NETinVM

A tool for teaching and learning about systems, networks and security

Authors: Carlos Perez & David Perez
Date: 2014-02-18

Contents

Introduction

NETinVM is a VMware virtual machine image that provides the user with a complete computer network. For this reason, NETinVM can be used for learning about operating systems, computer networks and system and network security.

In addition, since NETinVM is a VMware image, it can be used for demonstrations (i.e. in classrooms) that can be reproduced by students either in a laboratory or on their own laptop and thus, at home, at the library... For these reasons we present NETinVM as an educational tool.

Description of NETinVM

NETinVM is a VMware virtual machine image that contains, ready to run, a series of User-mode Linux (UML) virtual machines. When started, the UML virtual machines create a whole computer network; hence the name NETinVM, an acronym for NETwork in Virtual Machine. This virtual network has been called 'example.net' and has fully qualified domain names defined for the systems: 'base.example.net', 'fw.example.net', etc.

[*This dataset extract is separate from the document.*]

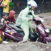 Children help a scooterist to cross a waterlogged road after heavy rain in Kolkata. (PTI)
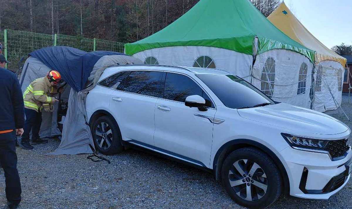 발견 당시 차량 뒤쪽에 연결된 텐트 안에서는 유류 난방기가 켜져 있었던 것으로 파악됐다. 그러나 창문이 닫혀 있는 등 텐트는 밀폐된 상태로 연결돼 있었다.

All of the virtual machines use the Linux operating system. The VMware virtual machine is called 'base' and it runs openSUSE 12.1. User-mode Linux machines use Debian 6.0 and they have different names depending on their network location, because they are grouped into three different subnets: corporate, perimeter and external. The subnetworks are named 'int' (for internal network), 'dmz' (for DMZ or demilitarized zone, usually used as a synonym for perimeter network) and 'ext' (for external network).

One of the UML machines, 'fw', interconnects the three networks ('int, 'dmz' and 'ext'), allowing for communication and packet filtering. The rest of the UML machines have only one network interface, connected to the network they are named after:

int<X>
UMLs connected to the internal network. <X> can take values from 'a' to 'f', both inclusive. These machines only offer SSH service by default.
dmz<X>

UMLs connected to the perimeter network (DMZ). They are supposed to be bastion nodes. Two preconfigured bastion nodes are provided, each one with its appropriate alias:

  • 'dmza' is aliased as 'www.example.net' and it offers HTTP and HTTPS services.
  • 'dmzb' is aliased as 'ftp.example.net' and it offers FTP.
ext<X>
UMLs connected to the external network (ie: Internet).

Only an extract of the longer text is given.